Troubleshooting¶
This page collects common issues when installing INFTY, writing closures, running optimizers, and generating plots.
ModuleNotFoundError: No module named 'infty'¶
The package is not installed in the active Python environment.
Check the active Python executable:
which python
python -m pip show infty
Install or reinstall:
python -m pip install -e .
ModuleNotFoundError for PILOT/demo dependencies¶
The PILOT demo and some optional workflows require the examples extra. The minimal scripts under examples/infty_minimal/ do not. From a source checkout, run this from the repository root:
python -m pip install ".[examples]"
Optimizer does not update parameters¶
Check that:
- model parameters have
requires_grad=True; - the base optimizer was initialized with the same parameters;
- the closure returns scalar losses;
optimizer.set_closure(loss_fn)is called beforeoptimizer.step();- you are not accidentally calling
base_optimizer.zero_grad()afteroptimizer.step()in a way that hides the update.
Closure returns the wrong format¶
INFTY expects:
return logits, [loss]
not:
return loss
and not:
return logits, loss
For multi-objective optimizers, use:
return logits, [loss_1, loss_2]
UniGrad_FS only supports two losses¶
For task_id > 0, UniGrad_FS requires exactly two losses:
return logits, [old_loss, new_loss]
If you have more than two loss terms, combine them before returning:
old_loss = replay_loss + regularization_loss
new_loss = supervised_loss
return logits, [old_loss, new_loss]
C-Flat or SAM-style optimizer is slow¶
Geometry-aware optimizers may call the closure multiple times per step. This is expected because they evaluate perturbed model states.
Mitigations:
- reduce batch size;
- use mixed precision where safe;
- use smaller models for debugging;
- start with fewer epochs;
- profile closure runtime.
CUDA out of memory¶
Common causes:
- large model and large batch;
- optimizer calls closure multiple times;
- visualization computes Hessian-related quantities;
- graph retained by multi-objective gradient computation.
Mitigations:
base_optimizer.zero_grad(set_to_none=True)
and reduce:
- batch size;
- visualization
samples; - trajectory
grid_size; - number of zeroth-order queries
q.
BatchNorm behaves unexpectedly¶
Some geometry-aware optimizers temporarily disable or enable running statistics during perturbation passes. If results look unstable:
- verify model train/eval mode;
- use sufficiently large batches for BatchNorm;
- consider freezing BatchNorm statistics in continual-learning stages;
- compare with a base optimizer baseline.

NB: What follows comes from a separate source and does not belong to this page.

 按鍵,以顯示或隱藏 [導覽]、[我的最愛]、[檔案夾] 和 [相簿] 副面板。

Distributed training issue with gradient reduction¶
InftyBaseOptimizer supports distributed gradient synchronization through grad_reduce.
Valid values:
"mean"
"sum"
If using DistributedDataParallel, ensure the model object passed into the optimizer is the DDP-wrapped model when no_sync() behavior is required.

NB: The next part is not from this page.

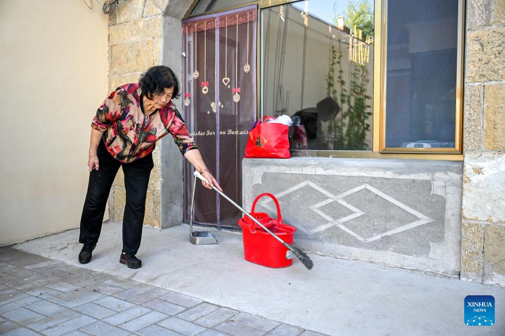 A homestay owner cleans the yard in Laoniuwan, a border area between Qingshuihe County of north China's Inner Mongolia Autonomous Region and Pianguan County of north China's Shanxi Province, Aug. 24, 2023. In recent years, Laoniuwan Town in Qingshuihe County has taken advantage of the unique geographic location of Laoniuwan area, which is situated at the confluence of the Great Wall and the Yellow River, and vigorously supported tourism industry by developing entertainment projects to attract more visitors. (Xinhua/Lian Zhen)

ZeroFlow produces unstable loss¶
Try:
- smaller learning rate;
- smaller or larger
zo_epsdepending on scale; perturbation_mode="two_side";q > 1for lower-variance estimates;use_history_grad=True;zo_sgd_conserveorzo_adam_conserve.
forward_grad path fails¶
The forward_grad variant uses a functional-call and JVP path. It is more sensitive to the exact objective signature. Start with the standard zo_sgd mode, then migrate to forward_grad after confirming the closure and batch structure.
Loss landscape or ESD visualization is slow¶
These utilities compute Hessian-related quantities and can be expensive.
For debugging:
visualize_landscape(..., samples=11, limit=0.3)
visualize_trajectory(..., n_iter=2000, grid_size=100)
Plot output is not found¶
All plotting functions accept output_dir. Pass an explicit directory:
output_dir="workdirs/plots/custom/my_experiment"
Most plotting functions return a dictionary or path containing the saved artifact location. Print the return value.
Matplotlib fails on a headless server¶
Use a non-interactive backend before importing plotting code:
import matplotlib
matplotlib.use("Agg")